For a slightly different version, see Jim Throgmorton, “Feeling small in the storm.” Iowa City Press-Citizen (February 10): 7A. [The Press-Citizen column includes a photograph, which is necessary for fulling comprehending the text.]
Sometimes one can feel very small. Like when shoveling snow after a 2,000 mile long storm dumps 16 inches of snow on your sidewalk. Or when watching many thousands of Egyptians call for their President leave office after more than 30 years of autocratic rule, only to be attacked by vicious thugs who had rallied to the ruler’s side.
In an important sense we are quite small.
Consider two young Americans walking in the sand at the edge of the Rio Grande River. Mere specks in the landscape, they are nearing Santa Elena Canyon at the far southwestern tip of Big Bend National Park. The U. S. extends for thousands of miles off to the left. The Republic of Mexico begins on the right just a quick splash across the river.
A shadow looms over the river. Out of sight, just behind the photographer, canyon walls loom 1500 feet above the couple. For two or more million years, the river has been cutting a narrow canyon through the Mesa de Anguila escarpment, which was formed by the Terlingua Fault beginning about 26 million years ago. Immense boulders containing 135 million year old fossilized marine organisms litter the canyon floor, eroded from high above.
Or consider lying at the river’s edge, staring up at the stars on a clear moonless night. Breathing. Cool sand beneath you. Wind in the reeds. Coyotes howling in the distance.
How can one not feel small?
Our individual lives pass in the blink of an eye. Autocratic rulers fall like boulders to the canyon floor. Armed clashes between nations merit but a nod. They are all but a moment, all just different manifestations of a perpetual now.
As Orhan Pamuk has one of his characters understand in the novel, My Name is Red: “Before my birth there was infinite time, and after my death, inexhaustible time.
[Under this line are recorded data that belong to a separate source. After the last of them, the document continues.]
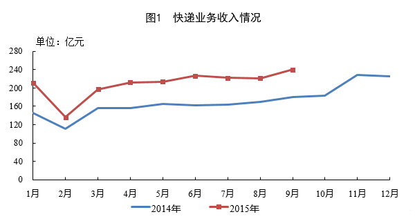 2015年1-9月,快遞服務(wù)品牌集中度指數(shù)CR8為77.4,較1-8月下降了0.1。
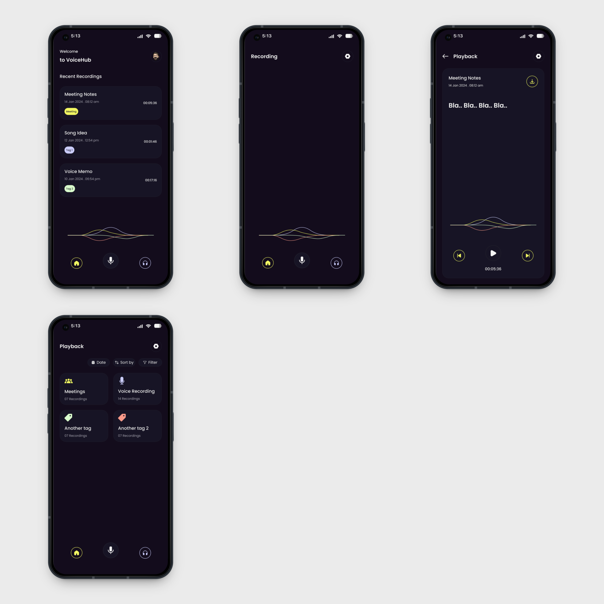 A clean, minimal design with tap-to-record functionality and simple playback controls. Built for clarity and speed, making voice recording effortless for everyday use.
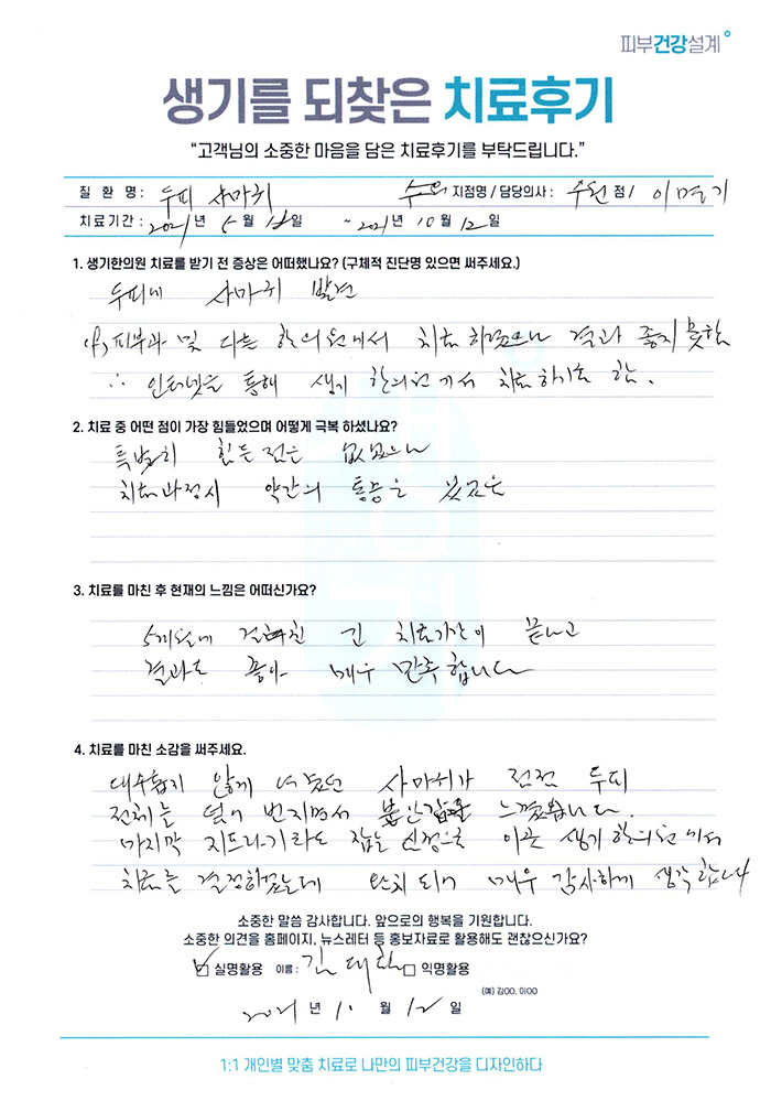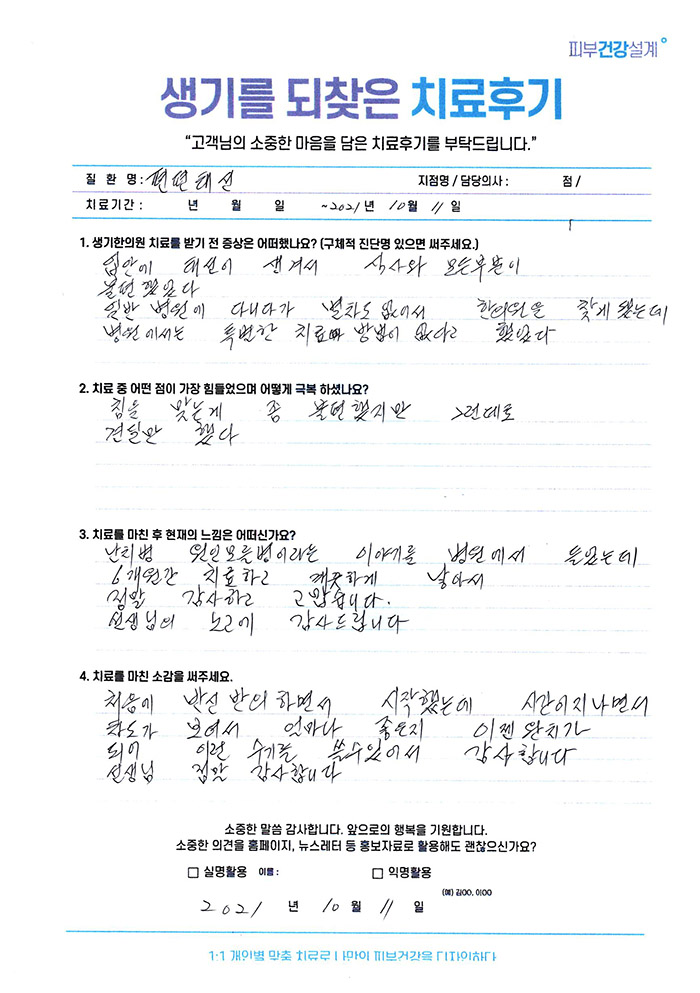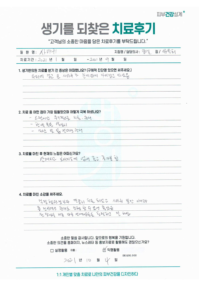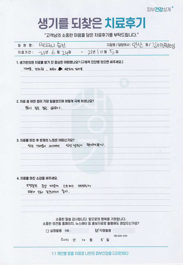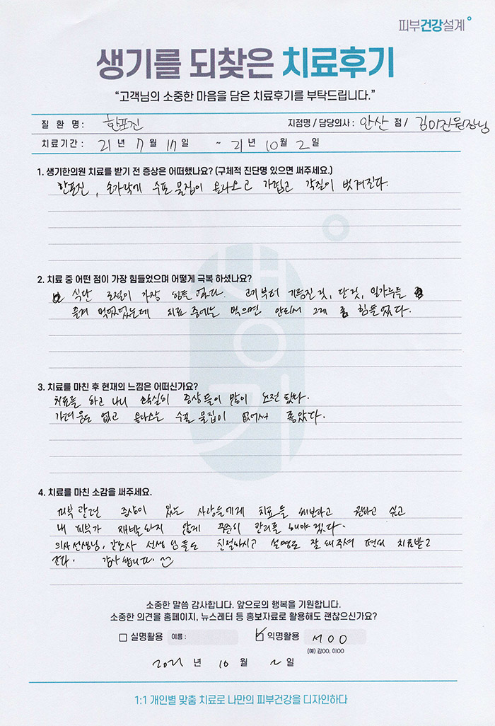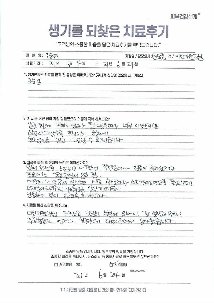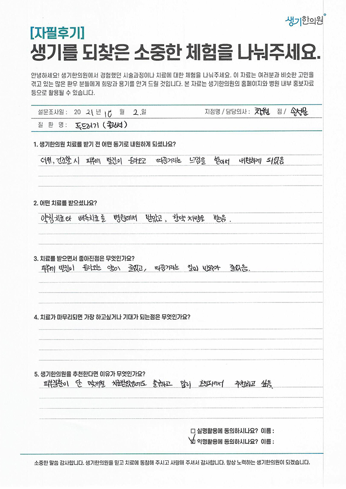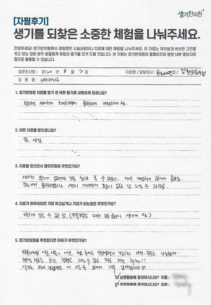생기한의원과 함께하신 생생한 자필 및 영상 후기를 소개합니다.

I never thought of it before. I’d been living luminously between two eternities of darkness.”
And yet, here we are. Understanding we are small, how shall we act in this luminous ever unfolding now?
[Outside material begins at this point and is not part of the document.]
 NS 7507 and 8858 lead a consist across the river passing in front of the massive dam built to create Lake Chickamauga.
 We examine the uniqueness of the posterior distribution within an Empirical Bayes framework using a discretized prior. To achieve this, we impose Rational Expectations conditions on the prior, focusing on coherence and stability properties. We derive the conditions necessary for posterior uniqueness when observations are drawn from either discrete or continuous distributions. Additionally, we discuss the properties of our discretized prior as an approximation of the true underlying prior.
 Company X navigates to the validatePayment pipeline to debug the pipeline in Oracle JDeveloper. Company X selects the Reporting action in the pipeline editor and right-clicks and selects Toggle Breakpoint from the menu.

On a train going north, two young people laugh. “It’s all going to come to an end,” one of them says. “Did you know there’s a big hole in the ozone over the South Pole. We’re all going to die.”
Yes, we are very small. Yes, we do face enormous challenges. Yes, we are all going to die. But this does not mean that our future has already been predetermined, and that we should strive only to maximize our short-term profit and pleasure.
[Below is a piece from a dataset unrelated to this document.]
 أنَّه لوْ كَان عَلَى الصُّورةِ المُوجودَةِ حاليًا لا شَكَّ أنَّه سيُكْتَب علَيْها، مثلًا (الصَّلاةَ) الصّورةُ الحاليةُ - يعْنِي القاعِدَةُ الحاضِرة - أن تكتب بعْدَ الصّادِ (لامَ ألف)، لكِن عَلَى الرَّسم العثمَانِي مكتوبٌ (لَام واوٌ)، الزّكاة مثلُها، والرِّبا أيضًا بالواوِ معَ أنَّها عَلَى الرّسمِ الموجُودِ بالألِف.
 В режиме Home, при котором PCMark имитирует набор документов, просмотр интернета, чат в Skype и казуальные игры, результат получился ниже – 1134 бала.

No, our choices will influence how the future unfolds. Consequently we need to slow down and pay attention to what really matters: caring for oneself, caring for one another, and caring for the world. And think about how our actions can contribute to a larger whole.
Which reminds me of a story Annette Simmons tells in her 2001 book, The Story Factor:
“A man came upon a construction site where three people were working. He asked the first, ‘What are you doing?’ and the man answered, ‘I am laying bricks.’ He asked the second, ‘What are you doing?’ and the man answered, ‘I am building a wall.’ He walked up to the third man, who was humming a tune as he worked and asked, ‘What are you doing?’ and the man stood up and smiled and said, ‘I am building a cathedral.’”
No matter how small we are, our choices matter.